「今の事態は避けられたかもしれないのに……」
Aさんは70代の小児科開業医です。地元では古くから続く医師一家で、Aさん自身も親から今の病院を継ぎました。名医として知られ、患者の子どもたちや親からも大変慕われています。
Aさんは昔から医業に全精力を傾けてきた人で、それ以外のことにはまったくといっていいほど関心がありません。お酒もたばこもやらないし、おしゃれにも興味がなく、趣味といえばたまにゴルフに出かけるくらいです。車も走りさえすればいいと、10年以上同じものに乗り続けています。そういう夫についてきた奥さまも、やはり質素な方です。

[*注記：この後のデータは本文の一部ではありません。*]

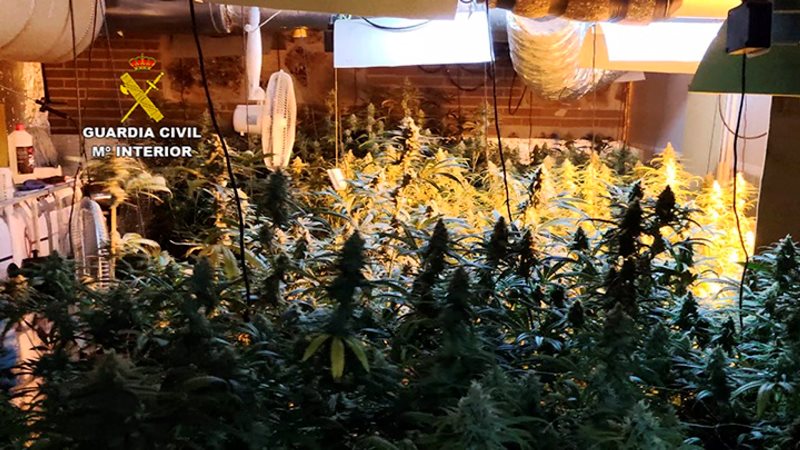 El pasado jueves, apoyados por un dron del Equipo PEGASO, la USECIC y por unidades territoriales de la Guardia Civil de El Casar, se practicó la entrada y registro debidamente autorizada por la Autoridad Judicial en el domicilio, localizando una plantación de marihuana 'indoor' con 787 plantas en avanzado estado de crecimiento que estaban a punto de ser recolectadas, con un peso aproximado de unos 301 kilogramos, que estaban cultivando en la planta baja de la vivienda.
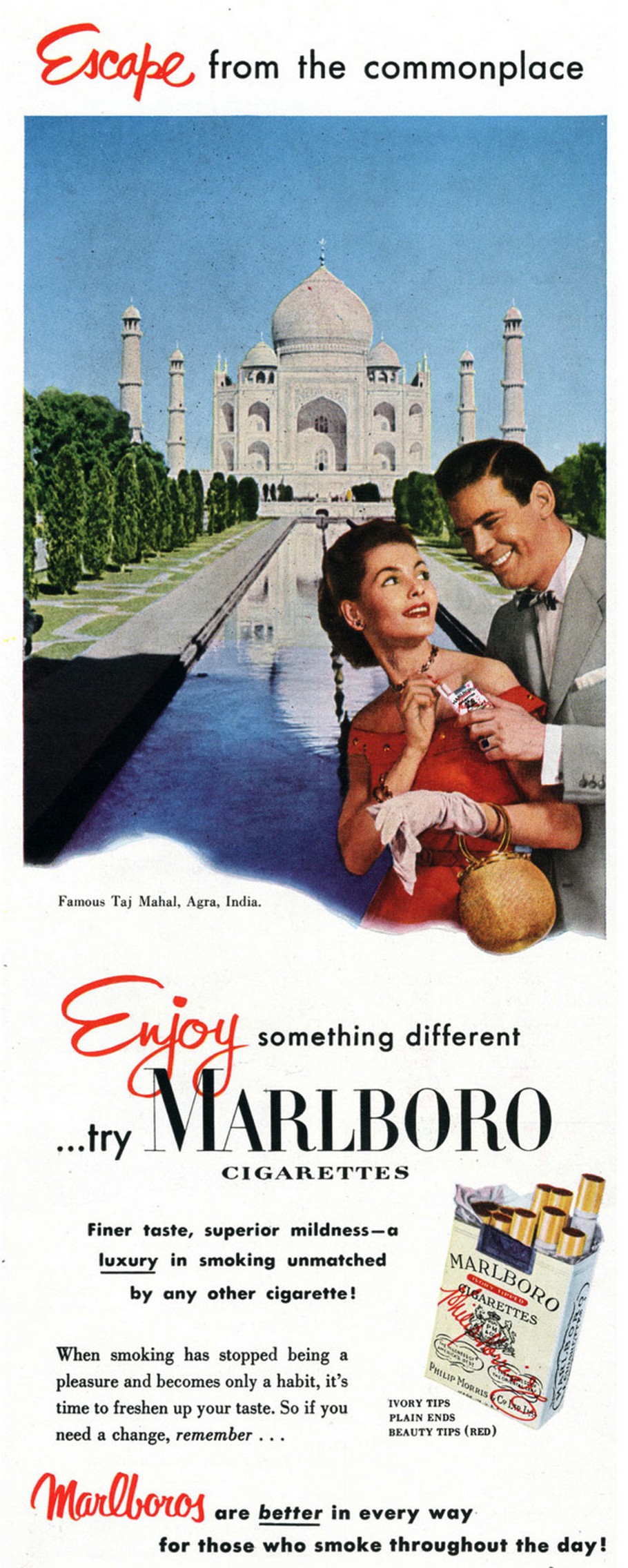 Main » Smoking » Marlboro Ad and Poster Collection » 1952 Escape from the commonplace. Famous Taj Mahal, Agra, India. Enjoy something different … try Marlboro

そんなご夫婦ですから、収入は預金通帳にたまっていくだけの状態になっていました。これまでに大きく使ったものといえば、子どもたちの教育費と自宅の建て替えくらいだと言います。
案の定、資産の棚卸しをしてみると、キャッシュが約9割を占めていたのです。Aさんの病院は医療法人ではなく個人開業だったので、病院の収入がそのままAさんの所得になっていました。

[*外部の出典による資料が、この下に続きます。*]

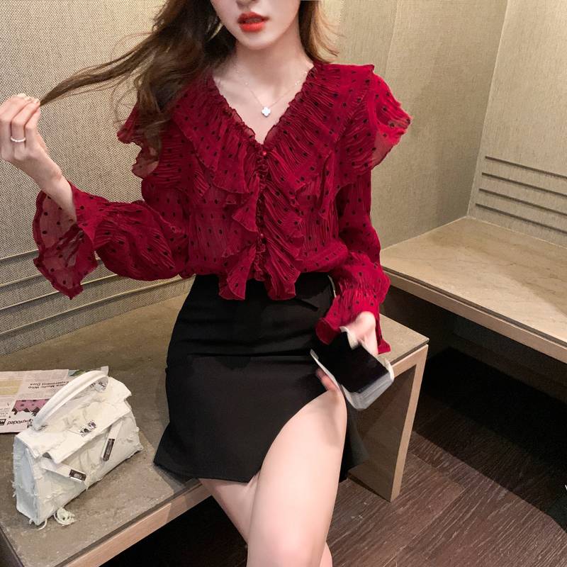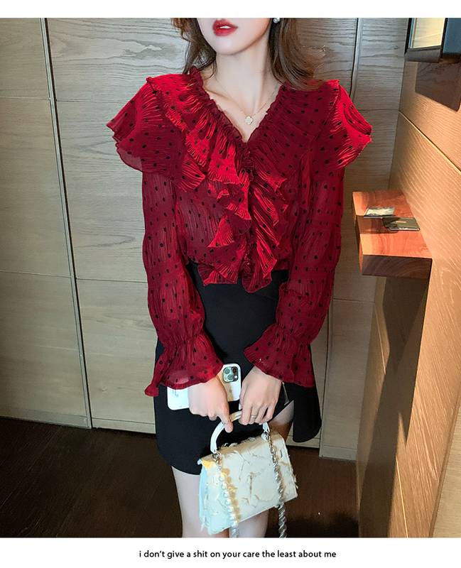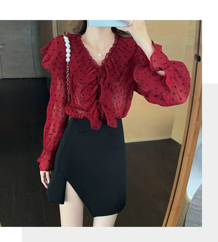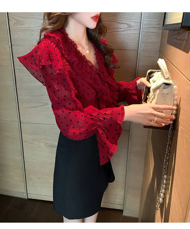 トップス レディース ブラウス シャツ 長袖 秋 冬 ドット柄 レッド フリル Vネック イベント 休日 お出かけ デート コーデ パーティー イベント ファッション エレガ

「所得税だけでも大変な額でしょう。どうしてこれまで節税されなかったのですか」と問うと、「私の税金で世の中が良くなるなら、それでよし」という答えが返ってきました。私は頭の下がる思いがし、「この方は本当に医者の鑑だ」と思いました。
しかし、相続のことを考えると、今のままの状態では心配です。「何か手を打ったほうが、遺されるご家族のためにもいいと思いますよ」と伝えましたが、「そうだね」と言うものの、いまひとつ心に響かない様子でした。

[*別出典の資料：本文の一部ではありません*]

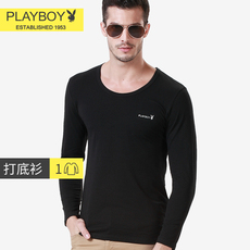 花花公子男士t恤修身春秋装纯棉薄款t恤长袖圆领打底衫上衣潮牌
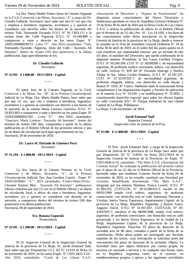 La Inspección General de Justicia de La Rioja aprobó la renovación del directorio y la sindicatura de Cerdo de Los…
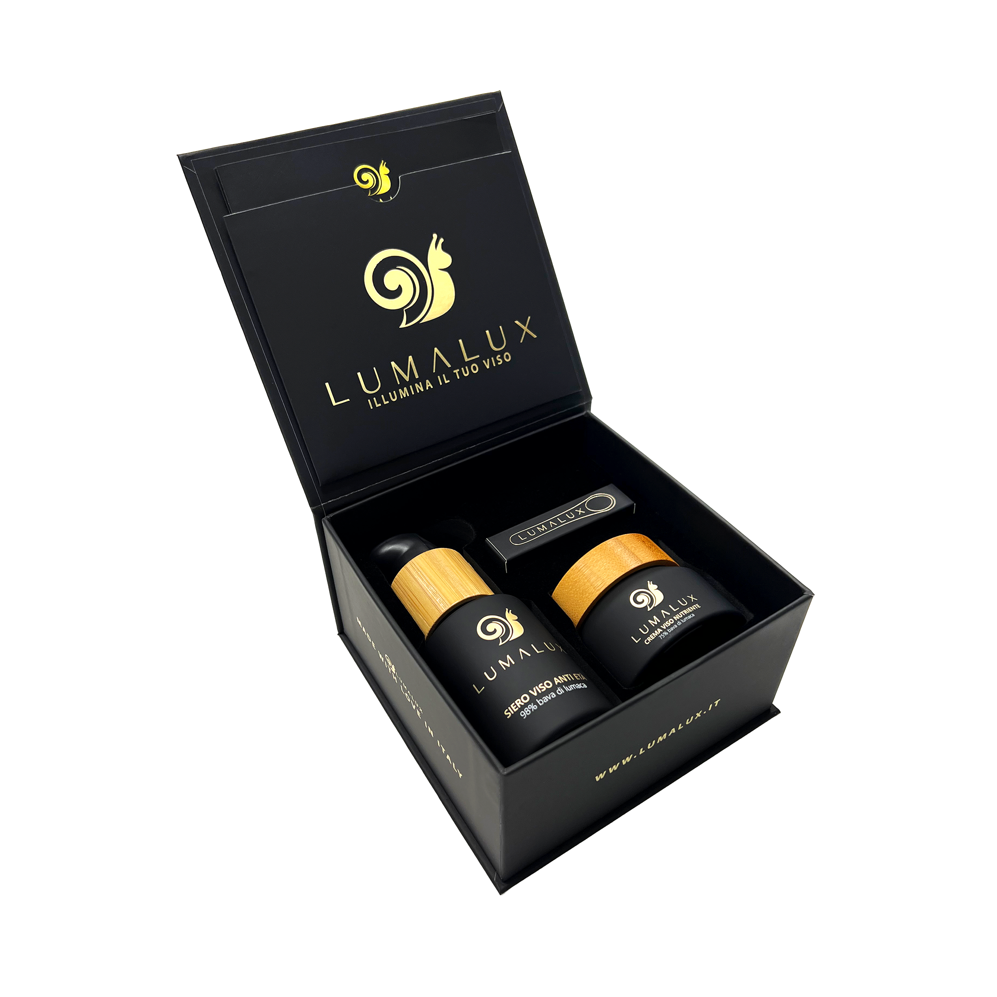 Kit Essenziale Siero 98% bava bio 50ml + Crema 75% bava bio 50ml Lumalux (2 prodotti)

相続対策は、本人がその気にならなければ、こちらから無理に進めることはできませんから、そのときは「いつでも相談に乗りますから、困ったら声をかけてくださいね」とだけ言いおいて、その場を辞したのです。
Aさんの奥さまから電話があったのは、それから数カ月後のことでした。「ぜひ早めに会って、相談したいことがある」と言うので、何かと思えばAさんが末期のガンだというのです。医者の不養生とはこのことです。
主治医の見立てでは余命は半年。つまり、相続までのタイムリミットが否応なく半年後に設定されてしまったのです。他人事のようだった「相続」がまさに目の前にあります。リアルな実感として相続を考えたときに、Aさんのご家族はどうすればいいのか分からず途方に暮れてしまいました。
途方に暮れているのはAさんの家族だけではありませんでした。Aさんの急病で病院は休業を余儀なくされ、看護師は生活の不安に直面していました。取引先の医療品業者にとっても、大切な顧客を失ってしまうかもしれない事態です。何よりも影響が大きかったのは、地域の子どもや親たちです。顔なじみの先生がいなくなることの不安は計り知れません。おそらく「病院は嫌だけど、A先生なら行ってもいい」という子もいたことでしょう。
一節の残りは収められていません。